Description
Motivation
After reviewing #1445 again(partition data reassign, which is disabled by default in the master branch), I found some bugs and design problems. I will use this issue to track the further optimizations.
Subtasks tracking
- [#1608][part-1] fix(spark): Only share the replacement servers for faulty servers in one stage #1609
- [#1608][part-2] fix(spark): avoid releasing block in advance when enable block resend #1610
- [#1373][FOLLOWUP] fix(spark): shuffle manager rpc service invalid when partition data reassign is enabled #1583
- [#1373][FOLLOWUP] fix(spark): register with incorrect partitionRanges after reassign #1612
- [#1608][part-3] feat(spark3): support reading partition data from multiple reassignment servers #1615
- [#1608][part-4] feat(server)(spark3): activate partition reassign when server is inactive #1617
- [#1608][part-5] feat(spark3): always use the available assignment #1652
- [#1608][part-6] improvement(spark): verify the sent blocks count #1690
- [#1608][part-7] improvement(doc): add doc and optimize reassign config options #1693
Design thought
reassign rpc between with spark driver + executor
This part has been involved in the #1445 design doc, I will not describe more.
reassign signal propagation
In current codebase, the latest reassign partition-> servers plan won't be propagated into the next start tasks.
To solve this problem, I will make writer always get the latest partition->servers plan. Once the reassign signal happens,
the cached shuffleHandleInfo will be updated by the reassign rpc returned.
For the next start task(task2) after reassign tasks finished, task2 will get the latest plan according to the replacement + normal servers list.

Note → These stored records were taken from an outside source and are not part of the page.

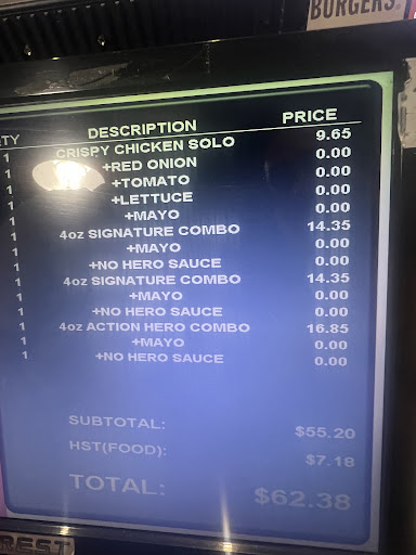 Read moreHi, I had exactly 15 minutes to get something to eat before I went back to work. I came in put in my order for a signature burger with a poutine the man that took my order said the gravy for the poutine was not ready I decided to go with chicken finger instead. I told him I wanted multigrain bread instead and he told it would be I extra I said ok. He said it would take 10-12 min for order. When it was ready he handed me the bag I checked it and there was no dipping sauce so he gave me the he sauce once I asked. After leaving I realized he never gave me a cup for a drink I went back got a drink. When I got back to work opened my burger and sure enough not the muliti grain bread I asked for ( I have a poppy seed intolerance) I decided then to call. He told me it was my responsibility to review the order and make sure it was correct before leaving and that he never charged me For it as though he was doing me a favour. Beyond that he told me he showed me the screen to confirm the order which he lied about it. Being a business owner myself I feel bad for the person who has made a horrible decision to hire this kind of person as their employee. People like this man retract, and ruin your business because you lose customers like me. I will not being eating at this location again. Good luck with...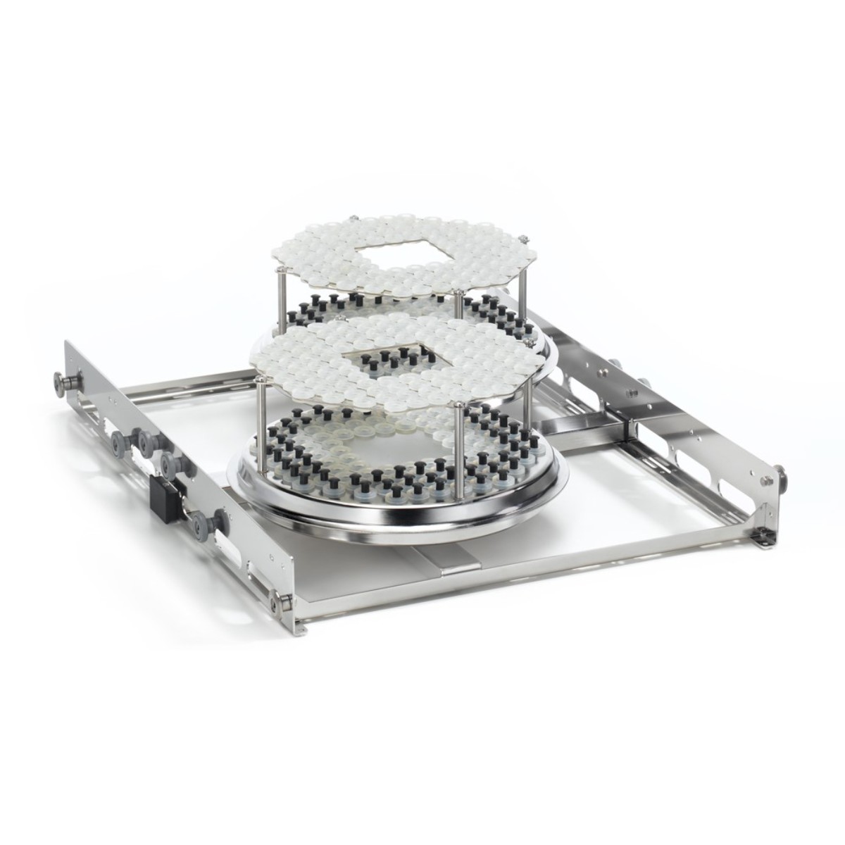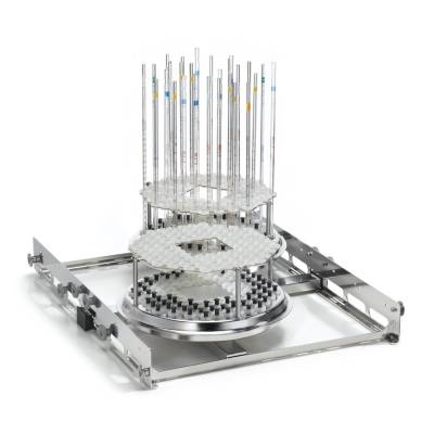 Ключевой особенностью конструкции является наличие встроенного коллектора для пипеток, рассчитанного на 208 позиций. Это означает, что вставка оборудована специальным устройством (коллектором), которое позволяет одновременно закрепить и мыть до 70 пипеток. Коллектор обеспечивает подачу моющего раствора внутрь каждой пипетки через индивидуальные сопла или каналы, что гарантирует тщательное удаление загрязнений с внутренних стенок — наиболее критичной зоны для точных измерительных приборов.
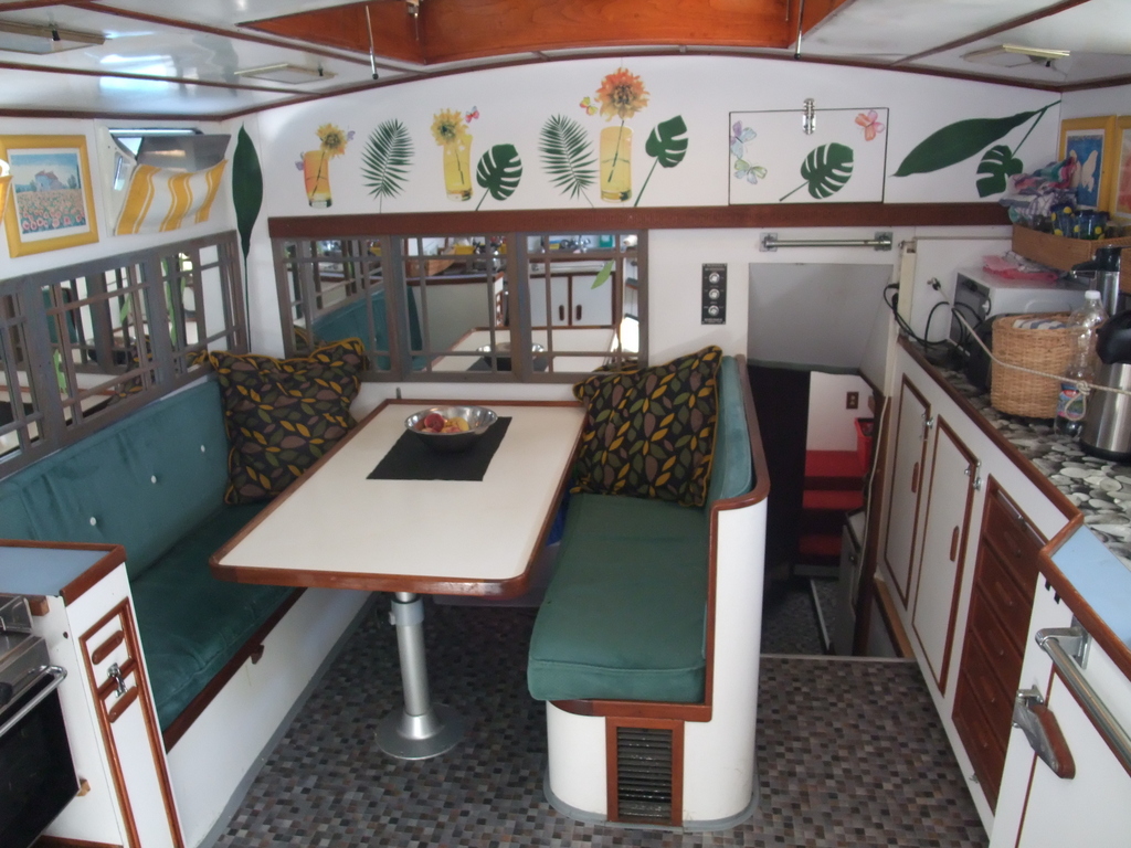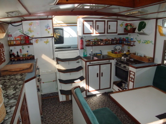 Von der Kombüse aus führt eine Durchreiche in den Decksalon, was das Tisch-Decken und Abräumen sehr erleichtert.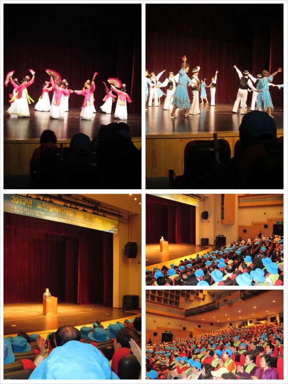 식전행사로 우리 기관 천태시니어예술단 한국무용, 스포츠댄스팀의 멋진 공연이 펼쳐졌으며, 강북구청장님의 인사말씀 및 2012년 노인일자리사업에 대한 안내가 있었습니다.
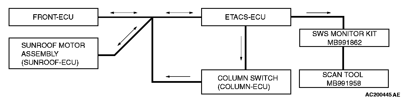 COMMUNICATION METHODAs shown, signal wires used exclusively for transmitting multiplex signal data connect the ETACS-ECU, front-ECU, column switch (incorporating the column-ECU) and sunroof motor assembly (incorporating the sunroof-ECU) and these components communicate with each other.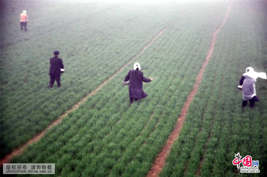 3月31日,山东省聊城市茌平县贾寨镇的农民冒雨在田间给小麦施肥。中国网图片库 赵玉国/摄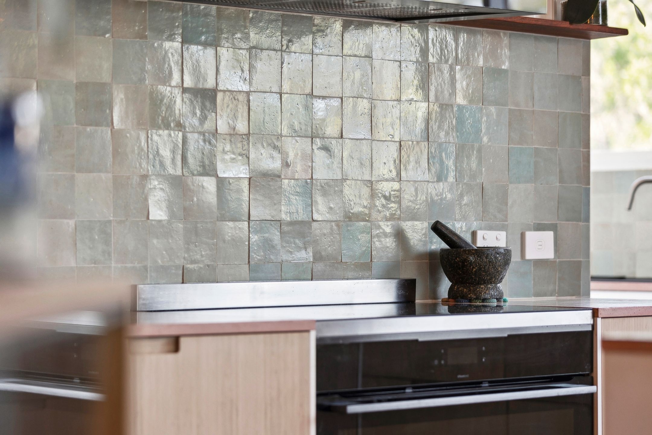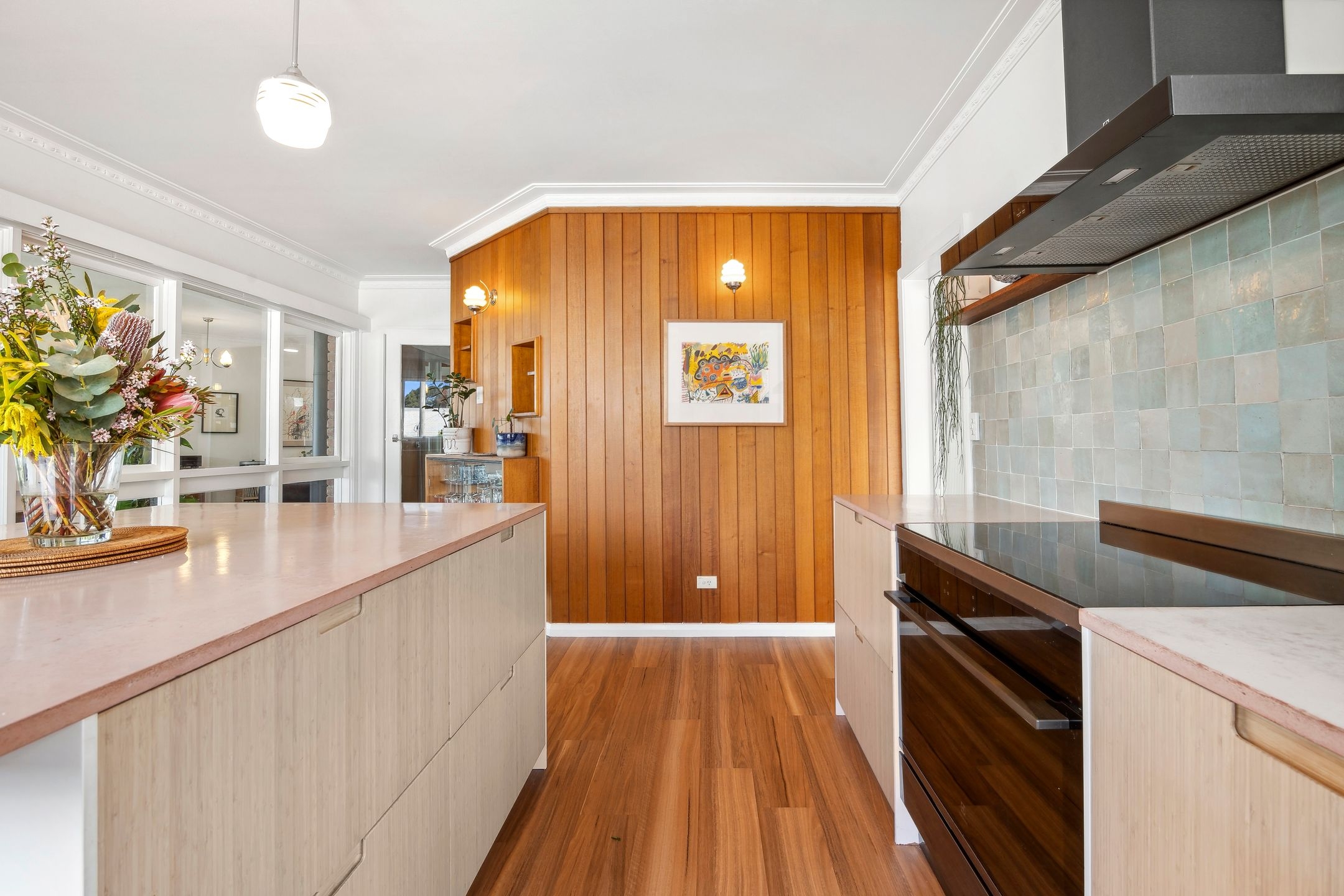 • The chic revamped kitchen, featuring premium appliances, striking custom concrete benchtops, abundant storage, handmade Moroccan tiles & sea views!

It will avoid writing to the faulty servers again.
reassign multiple servers for one partition
This topic is scoped in the single replica.
For the different type partition, we will have different strategies for the partition -> multiple servers assign.
For huge partition, I will hope that after recogizing the huge_partition, we will request reassign multiple servers by rpc, and the task will acheive its owned partitioned server by the hash mechanism by its taskAttemptId,
which will make load balance valid.
For normal partition, the multiple servers are only valid on the reassign multiple times due to the expected problems.
For this case, the task will always get the last server to write.